One very important thing to note here is that there is no hard dependency between the original customer service and the extended version. The link is a soft one through the id. The customer class in one service does not extend the one in the other.

Both services have almost identical application.yaml configuration files except for the port (8080 and 8081):

graphql:
  federation:
    enabled: true
  packages:
    - "be.sourcedbvba"

server:
  port: ...

Now, when you start up both services, you’ll see the schema definition of both services. Combining those two services requires a third service: the federation server.
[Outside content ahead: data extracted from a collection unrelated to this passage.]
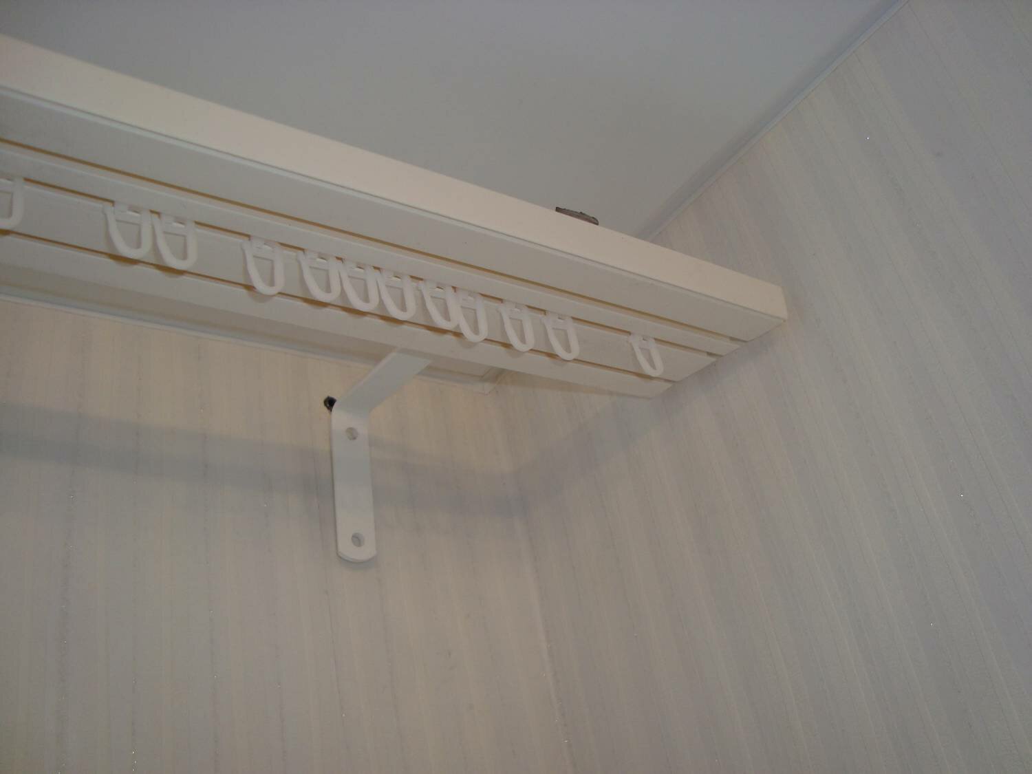 После этого стеновые крепления прикручиваются соморезами с широкой шляпкой к карнизу. Это необходимо делать аккуратно, чтобы не повредить пластиковые направляющие внутри карниза.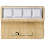 Främja ditt varumärke med detta anpassningsbart mobilställ som håller din enhet säker, medan de inbyggda fidget-tangenterna hjälper dig att förbli avslappnad. Tillverkad av trä och bambu med en stabil bas.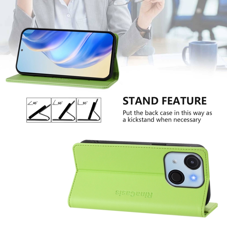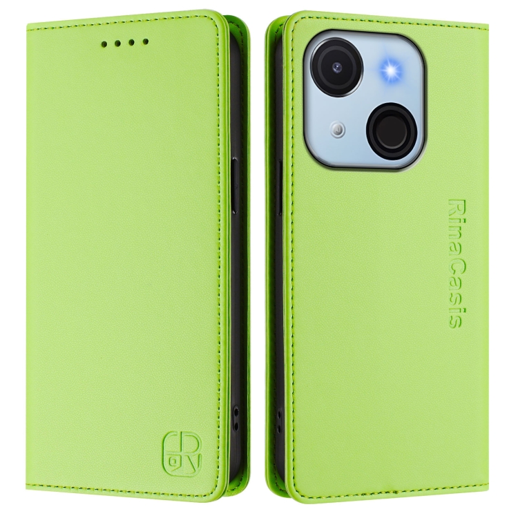Funda de Cuero Rfid para Teléfono Itel A50C Rc01 con Doble Pliegue y Succión Magnética (Verde Hierba)

This server is a NodeJS application built by the people behind Apollo. The federation happens via an ApolloGateway, which defines all the external services.
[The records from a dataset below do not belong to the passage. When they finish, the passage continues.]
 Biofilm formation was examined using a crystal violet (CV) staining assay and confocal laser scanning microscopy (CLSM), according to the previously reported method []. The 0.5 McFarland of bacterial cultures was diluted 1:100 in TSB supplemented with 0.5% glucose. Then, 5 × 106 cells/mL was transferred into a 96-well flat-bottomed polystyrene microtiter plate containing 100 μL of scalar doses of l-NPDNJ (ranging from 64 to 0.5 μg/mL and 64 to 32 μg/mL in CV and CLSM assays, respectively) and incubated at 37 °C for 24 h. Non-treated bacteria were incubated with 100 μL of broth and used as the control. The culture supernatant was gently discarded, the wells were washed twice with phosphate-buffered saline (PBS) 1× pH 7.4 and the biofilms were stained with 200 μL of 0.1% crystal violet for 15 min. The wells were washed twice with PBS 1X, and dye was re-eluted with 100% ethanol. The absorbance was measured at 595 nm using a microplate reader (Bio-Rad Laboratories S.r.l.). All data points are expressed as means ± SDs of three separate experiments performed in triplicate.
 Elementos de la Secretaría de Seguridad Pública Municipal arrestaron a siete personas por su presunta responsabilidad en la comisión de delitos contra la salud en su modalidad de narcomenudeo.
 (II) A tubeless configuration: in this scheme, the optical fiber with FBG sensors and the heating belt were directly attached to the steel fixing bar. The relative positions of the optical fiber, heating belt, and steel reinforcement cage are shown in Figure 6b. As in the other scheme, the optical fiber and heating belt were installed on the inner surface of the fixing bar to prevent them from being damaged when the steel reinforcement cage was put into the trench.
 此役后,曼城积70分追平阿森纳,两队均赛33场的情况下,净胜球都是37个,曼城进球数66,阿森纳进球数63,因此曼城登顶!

const { ApolloServer } = require("apollo-server");
const { ApolloGateway, RemoteGraphQLDataSource } = require("@apollo/gateway");

const server = new ApolloServer({
  gateway: new ApolloGateway({
    debug: true,
    serviceList: [
      { name: "customer-app", url: "http://localhost:8080/graphql" },
      { name: "invoice-app", url: "http://localhost:8081/graphql" }
    ]
  }),
  subscriptions: false
});

server.listen().then(({ url }) => {
  console.log(`Server ready at ${url}`);
});

So, in short, you define the two services in a gateway (you can use a schema registry and have a managed solution) and you set up the ApolloServer (which is a GraphQL server) to use that gateway. Two things to note here are:

  • debug: true will output the query path of any query in the console. This is interesting to see when you want to know which services are being called.
  • Subscriptions are not supported with federation. You will need to disable this by setting subscriptions to false. If your application requires subscriptions, you will not be able to use federation.
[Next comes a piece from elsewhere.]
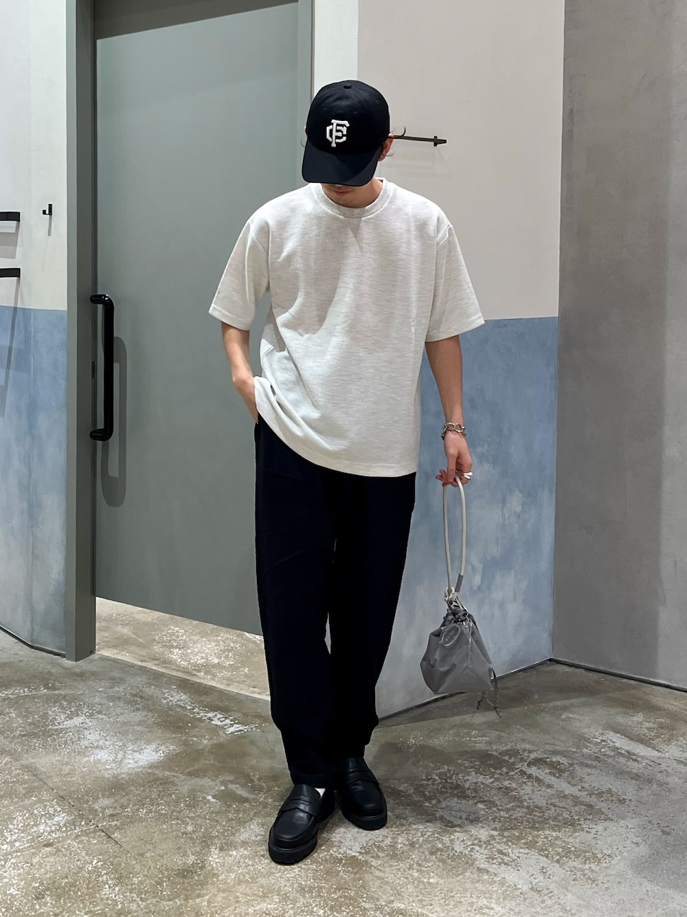 モノトーンコーデ🐕🦺 リンガーTにポコポコ素材のパンツ合わせたモノトーンコーデ組みました✌️ すべてユニセックスで着用可能です✨️

When you start up the federation service (node index.js), it combines the 2 schemas into a single schema. At startup, it will also check whether it can combine all the schemas in a single one. If there are some mismatches in the keys, it will throw an error and refuse to start up. When you browse to http://localhost:4000, you are greeted with a GraphQL query editor where you can execute the following query, the one we set out to be able to execute:

query {
  customerById(id: 1) {
    id
    name
    invoices {
      invoiceNumber
      invoiceAmount
    }
  }
}

When you look at the output of the federation server, you’ll see it calls both services for their data and it combines the two pieces of data in a single stream. However, if you execute the following query:

query {
  customerById(id: 1) {
    id
    name
  }
}

You now see that the federation service only calls a single service as you did not ask any data that would require it to call the extended service. If you look at the resulting schema, you will see it has merged both services into a single graph, including the queries and mutations defined in each separate service:

type Customer {
  id: Int!
  name: String
  invoices: [Invoice!]!
}

type Invoice {
  invoiceAmount: Int!
  invoiceNumber: Int!
}

type Mutation {
  createCustomer(id: Int!, name: String!): Customer!
  createInvoice(
    customerId: Int!
    invoiceAmount: Int!
    invoiceNumber: Int!
  ): Boolean!
}

type Query {
  customerById(id: Int!): Customer
}

With this mechanism, you can easily extend an existing data structure in your GraphQL APIs and split up your APIs into well-defined pieces that each have their responsibility. If you want more information on the specification, you can find it here. If you currently have a large GraphQL APIs that from a data perspective has too many responsibilities, this might be a interesting route to take.